Нетерпеливые руки потянулись к пластиковым стаканчикам.
– Внимания, прошу внимания! – Сысоев постучал кончиком ножа по бутылке. – Дорогой мой первый курс! Давайте выпьем за нас. За то, чтобы, став знаменитыми…
– «Быть знаменитым некрасиво, не это поднимает ввысь…»
– Заткните Пастернака. Я продолжу. Так вот. Выпьем за то, чтобы, став знаменитыми, любимыми народом, богатыми и духовно и материально, мы всегда помнили, как мы начинали свой путь, день этот помнили…
– Короче, Склифосовский!
– …чтобы могли вот так, как сегодня, запросто собраться…
– Травиться дешевой водкой…
– Не надо. Не надо.
– Так что за нас, первый курс. Да сопутствует нам удача во всем!
– Ура!!!
Опустевшие пластиковые стаканчики полетели в воздух.
– Мясо… Мясо готово! Разбирайте.
Дима Ермаков, ловко орудуя шампурами, снимал кусочки шашлыка в общее блюдо, делил на порции, раскладывая в картонные тарелки.
– Мне два шампура дай. Я с картонки есть не буду, – Никита Сазонов брезгливо отверг протянутую ему порцию.
– Никитос, не борзей. Голодным оставлю. Так, девчонки, налетай. Кому порцию?
Сазонов усмехнулся, перешагнул через сидевшего на корточках Ермакова, жестко отстранил осаждавших его однокурсниц, подошел к мангалу, покрутил туда-сюда шампуры с уже готовым шашлыком и выбрал два.
– Э-э! Куда? Все же точно рассчитано. Никита, кому-нибудь не хватит. Ты же четыре порции загреб! – крикнул Ермаков вслед Сазонову.
– Пошел ты, счетовод! Забыл, кто пирушку финансирует?
На сухой, прибитой течением к берегу сосне секретничали девчонки.

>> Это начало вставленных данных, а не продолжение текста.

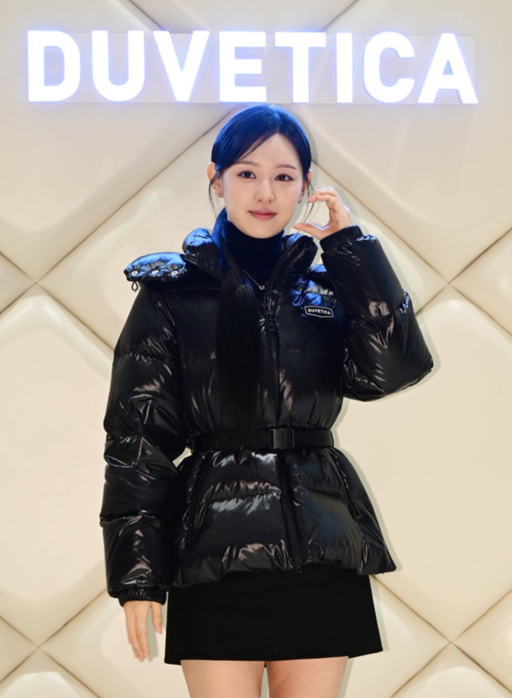 241126 김지원 “듀베티카” 런칭 행사 블랙 벨티드 패딩 착장 정보
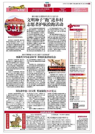 今晚双色球奖池29.25亿元 预计头奖奖金1000万元
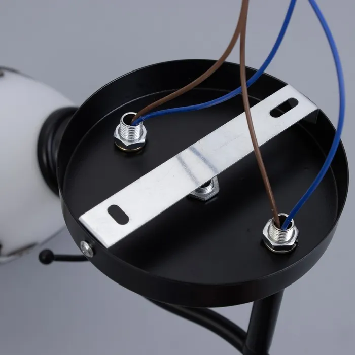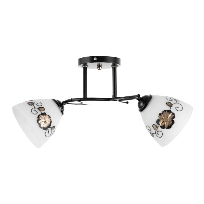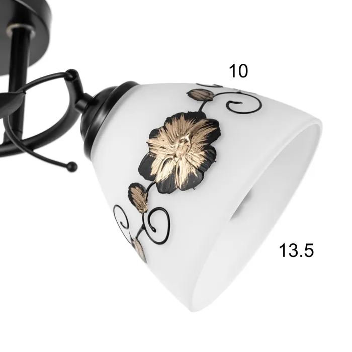 - Классический дизайн: чёрное металлическое основание и матовые белые плафоны в форме конуса с цветами добавляют интерьеру уюта и стиля.
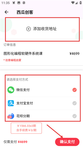 4、在訂單頁面點擊【添加收貨地址】完善信息,選定支付方式后,點擊【確認支付】完成課程購買流程。
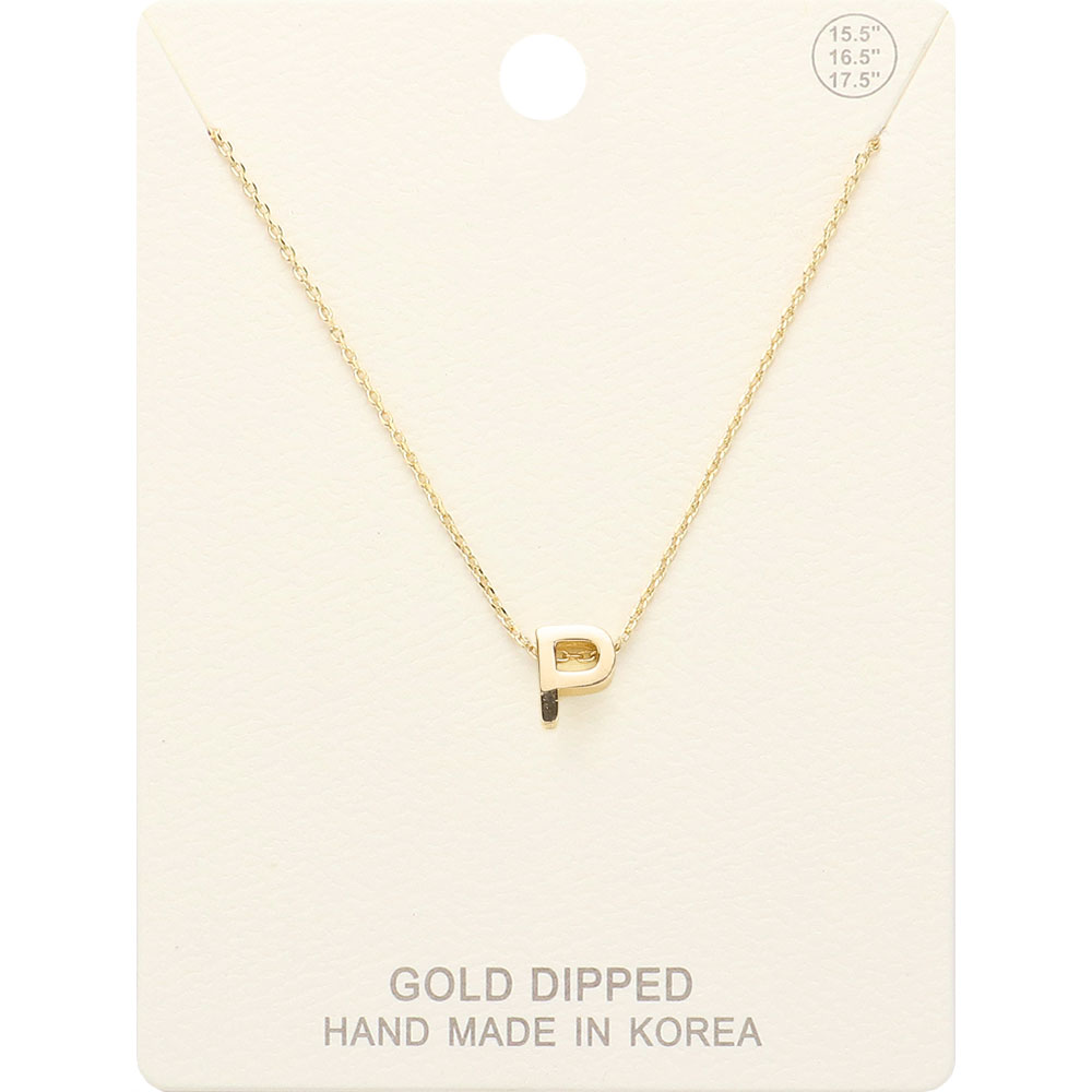 -P- Gold Dipped Initial Monogram Metal Pendant Necklace
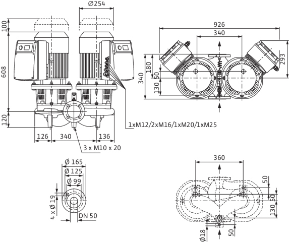 Pompa obiegowa WILO CronoTwin-DL-E 50/160-5,5/2-R1-S1 typu in-line z silnikiem znormalizowanym 50/60 Hz, moc silnika 5.5kW 10.6 A 2900 obr/min, wlot Kołnierz DN 50
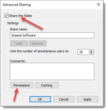 - Turn on the check-box Share this folder, then click on the Permissions
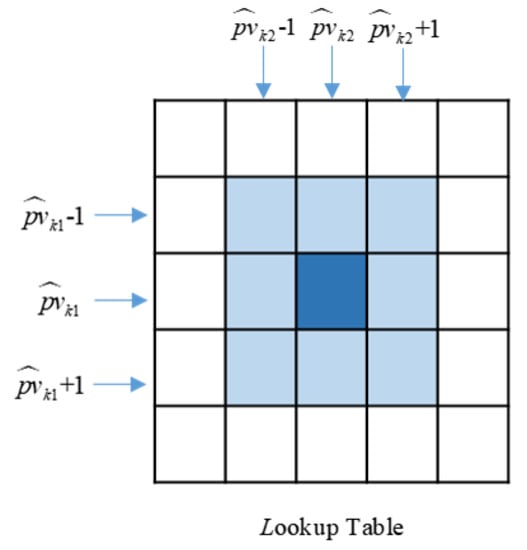 where is the threshold for the feature value match. The above candidates searching process can be implemented by looking for an element where the row index is and the column index is in the lookup table, which greatly improves the efficiency of the GMTV algorithm in searching for matches in the database. In the real star image, some measurement errors will cause feature values to deviate from their true value, so the fuzzy search strategy is adopted in our algorithm to increase robustness; as shown in Figure 5, all elements in the shaded areas whose position index is close to and , namely, where the row index is between − 1 and + 1 and the column index is between − 1 and + 1 simultaneously, are regarded as candidates of the sensor unit.
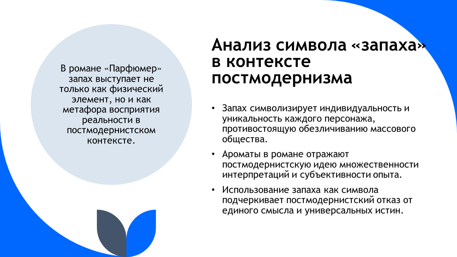 Использование запаха как символа подчеркивает постмодернистский отказ от единого смысла и универсальных истин.
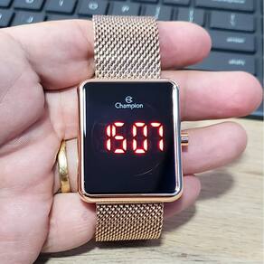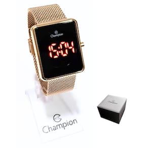 Marca: Champion Modelo: CH40080P Tipo de relógio: Digital Gênero: Feminino Cor da caixa: Dourado Cor da pulseira: Dourado Estilo: Casual Alarme: Não Cronômetro: Não Calendário: Sim Luz: Sim Resistência à água: Sim – 3 ATM = 30 metros Tipo de fecho: Fivela de gancho Material da Caixa: Aço Inoxidável Material da Pulseira: Mesh de Aço Inoxidável Características do vidro: Vidro Mineral Tamanho da caixa: 43 mm Espessura da caixa: 10 mm Comprimento da pulseira: 23 cm Largura da pulseira: 23 mm Tampa do fundo: Rosqueado Peso: 122 Gramas Alimentação: Bateria Garantia do Fabricante: 12 meses Fabricante: Magnum Indústria da Amazônia S/A
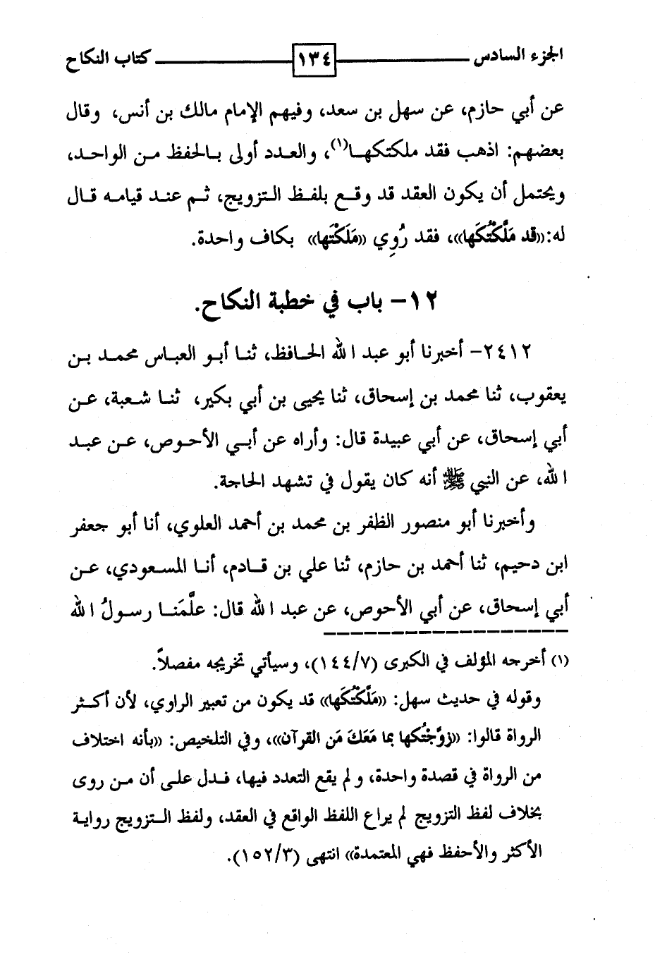 عن أبي حازم ، عن سهل بن سعد ، وفيهم الإمام مالك بن انس ، وقال بعضهم : اذهب فقد ملكتكها ( 1 ) ، والعدد أولى بالحفظ من الواحد ، ويحتمل أن يكون العقد قد وقع بلفظ التزويج ، ثم عند قيامه قال له : ' قد ملكتكها ' ، فقد روي ' ملكتها ' بكاف واحدة . 12 - باب في خطبة النكاح
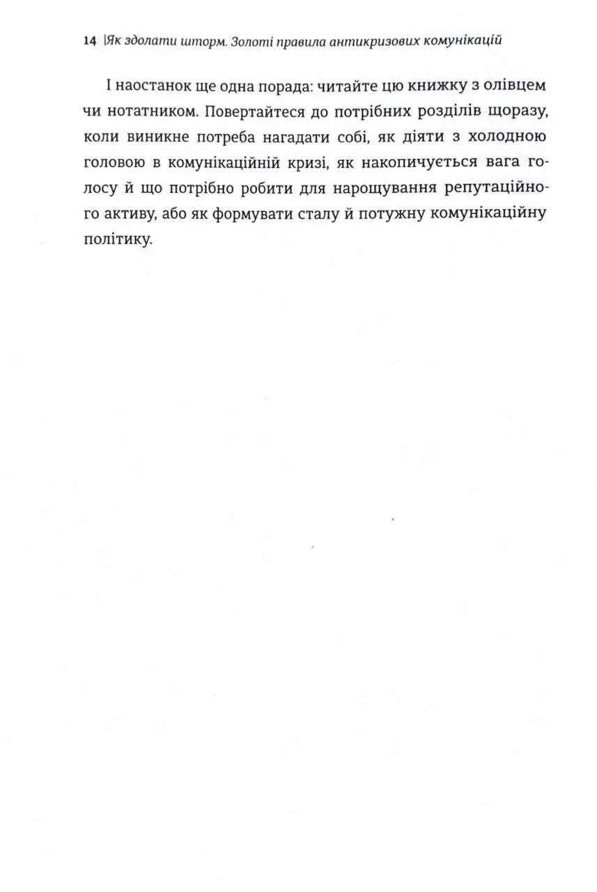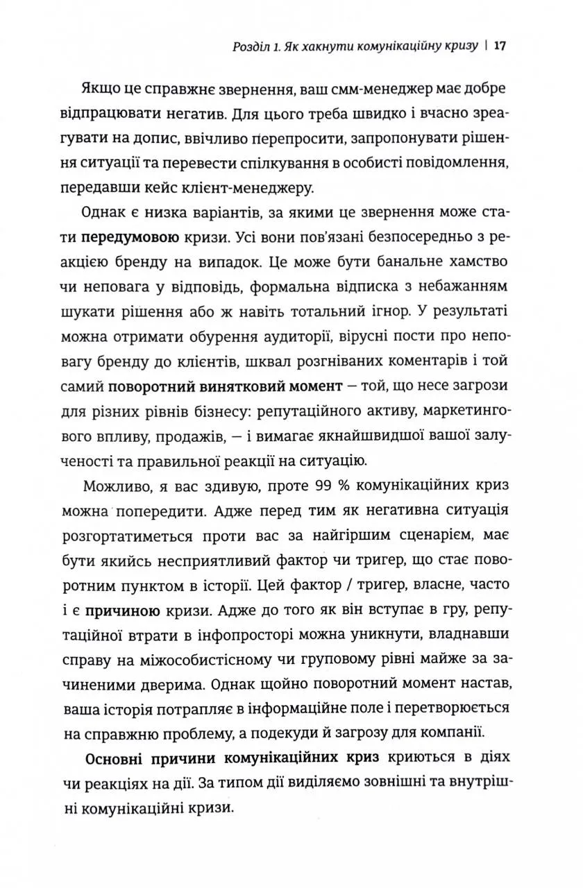 Окремої рекомендації заслуговують поради авторки щодо зміцнення бренду та підготовки до періодів інформаційної турбулентності.

– «…Экспедиция Роберта Скотта достигла Южного полюса восемнадцатого января тысяча девятьсот двенадцатого года, на месяц позже экспедиции своих соперников – норвежцев. Они обнаружили на полюсе норвежский флаг и записки Амундсена. Скотт записал тогда в своём дневнике: «Норвежцы нас опередили – Амундсен оказался первым у полюса! Чудовищное разочарование! Все муки, все тяготы – ради чего? Я с ужасом думаю об обратной дороге…» – сидя верхом на сосне, читала Ольга Ширяева.
– Барышни, шашлык стынет, – напомнил Сазонов.
– Тихо ты! Тихо! – зашикали на него.
– Что за «Юстас – Алексу»? Чего читаем? Таисия, держи, – он протянул Ковалевой шампур.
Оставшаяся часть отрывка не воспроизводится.